Task objective
The response must consist of the lines below from the one with "- Bela majica" through the one with "Pasirinktos ilgaamžės lieto", exactly as they appear and with both ends kept.

Data
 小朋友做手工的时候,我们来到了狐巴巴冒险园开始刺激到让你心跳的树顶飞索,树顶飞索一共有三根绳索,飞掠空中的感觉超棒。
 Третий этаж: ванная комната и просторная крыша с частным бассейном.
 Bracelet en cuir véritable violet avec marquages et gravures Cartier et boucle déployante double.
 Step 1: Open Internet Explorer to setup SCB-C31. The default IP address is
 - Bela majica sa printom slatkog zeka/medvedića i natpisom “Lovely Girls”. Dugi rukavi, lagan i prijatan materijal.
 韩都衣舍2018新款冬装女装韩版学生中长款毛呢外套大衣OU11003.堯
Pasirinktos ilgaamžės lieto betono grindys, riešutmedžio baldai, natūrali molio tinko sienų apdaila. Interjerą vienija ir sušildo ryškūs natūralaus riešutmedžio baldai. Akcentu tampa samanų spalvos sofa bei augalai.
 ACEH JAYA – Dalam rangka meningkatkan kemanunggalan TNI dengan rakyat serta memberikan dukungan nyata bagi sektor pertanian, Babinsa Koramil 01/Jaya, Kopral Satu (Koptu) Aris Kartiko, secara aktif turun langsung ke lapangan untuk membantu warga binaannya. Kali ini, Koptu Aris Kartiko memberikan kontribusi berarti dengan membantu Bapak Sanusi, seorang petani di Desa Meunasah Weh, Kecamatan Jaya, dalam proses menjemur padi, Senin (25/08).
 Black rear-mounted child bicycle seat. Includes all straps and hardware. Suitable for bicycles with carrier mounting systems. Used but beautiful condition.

Answer space
 - Bela majica sa printom slatkog zeka/medvedića i natpisom “Lovely Girls”. Dugi rukavi, lagan i prijatan materijal.
 韩都衣舍2018新款冬装女装韩版学生中长款毛呢外套大衣OU11003.堯
Pasirinktos ilgaamžės lieto betono grindys, riešutmedžio baldai, natūrali molio tinko sienų apdaila. Interjerą vienija ir sušildo ryškūs natūralaus riešutmedžio baldai. Akcentu tampa samanų spalvos sofa bei augalai.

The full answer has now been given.